Dsc07450 一番好きだったのが高楼方子さんの『十一月の扉』。中学生の女の子がお父さんの転勤をきっかけに2ヶ月だけ一人で十一月荘という下宿で暮らすお話し。少し前に恩田陸さんの『夜のピクニック』を読んだのですが、こちらは高校生のお話。二冊とも、自分が中学生だったり高校生だったりしたときに読みたかったなぁと思った本でした。


Dsc07444 『潜水服は蝶の夢を見る』は最初タイトルを見て「???」だったのですが、内容はイメージと全然違ってました。世界的に有名なファッション誌『ELLE』の編集長だった著者が突然脳出血で倒れ、ロックトインシンドロームという、身体的自由を奪われた状態になりながら、唯一動かせる左目の瞬きだけでつづられたエッセイです。
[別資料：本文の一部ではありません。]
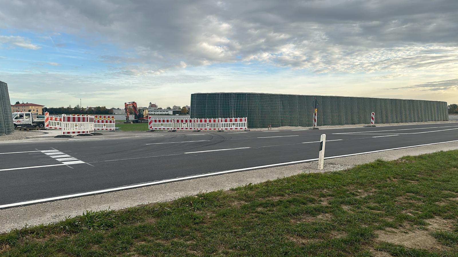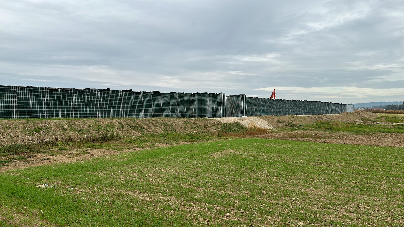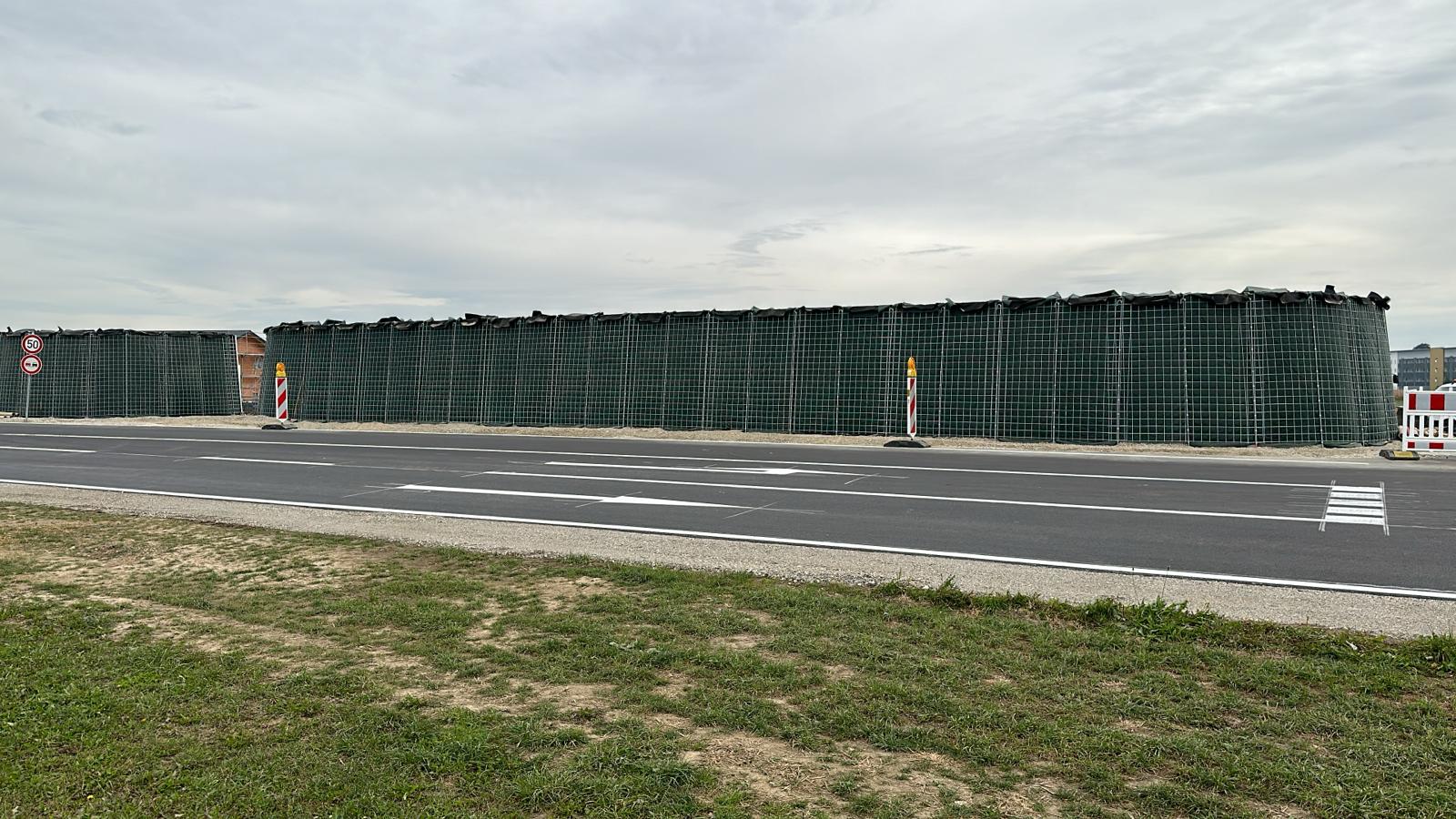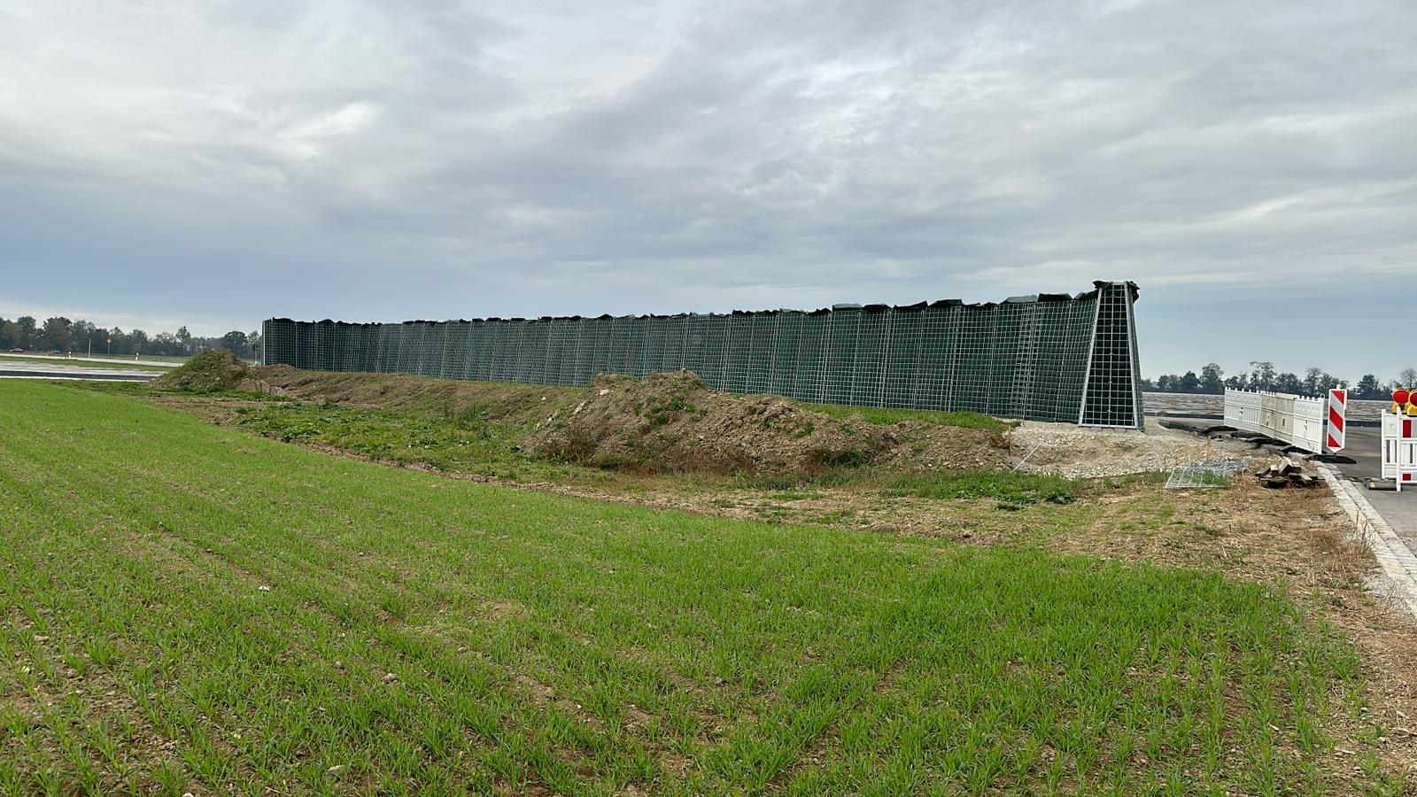 RAUbayern errichtet 204,15 m ökologischen Lärmschutz entlang des neuen Baugebietes in Mühldorf am Inn. An den zwei Durchlässen zum Wohngebiet und an Anfang und Ende wird die Lärmschutzwand in einem Viertelkreis gefertigt, um den seitlich auftreffenden Verkehrslärm effektiv abzuschirmen.
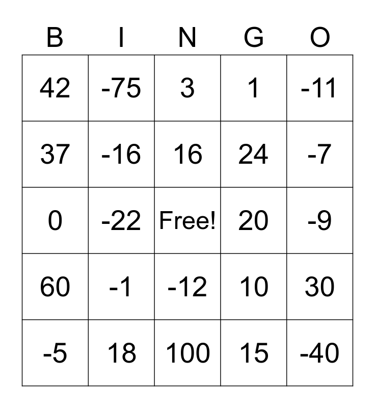 This bingo card has a free space and 24 words: -1, 18, 16, -5, -11, 42, 37, -75, 20, -12, 24, 0, 10, 30, -16, 15, -9, 3, -7, -22, -40, 60, 1 and 100.
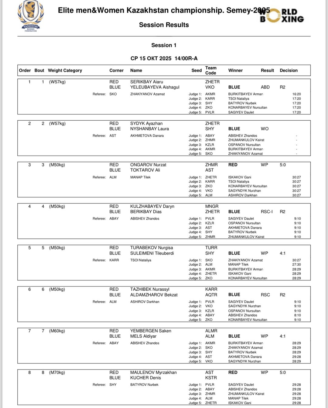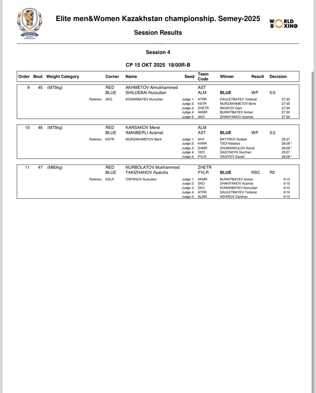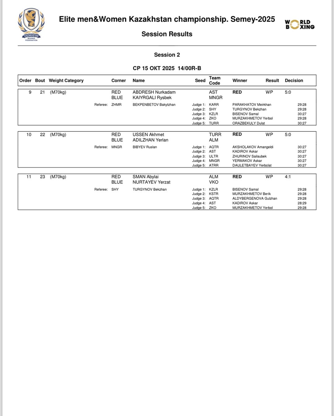 - Ахмет Уссен (Туркестанская обл.) – Ерлан Адильжан (Алматы) — 5:0

 身体が動かなくても心は今までどおり生きている。そんなこと今まで考えたこともなかったのですが、ふと思い出したのは父方の祖母のこと。もう20年近く前に倒れて、意識のないまま3年くらい病院に入院していて亡くなったのですが、あの時の祖母ももしかしたらこの本の著者と同じように、心は生きていたのかもしれません。目を開けることも話すことも起き上がることも出来なかったけど、耳は聞こえていたのではないかと思うのです。倒れてすぐに一晩付き添いをしに行ったことがあったのですが、あのときたくさん話しかけてあげたらよかったな。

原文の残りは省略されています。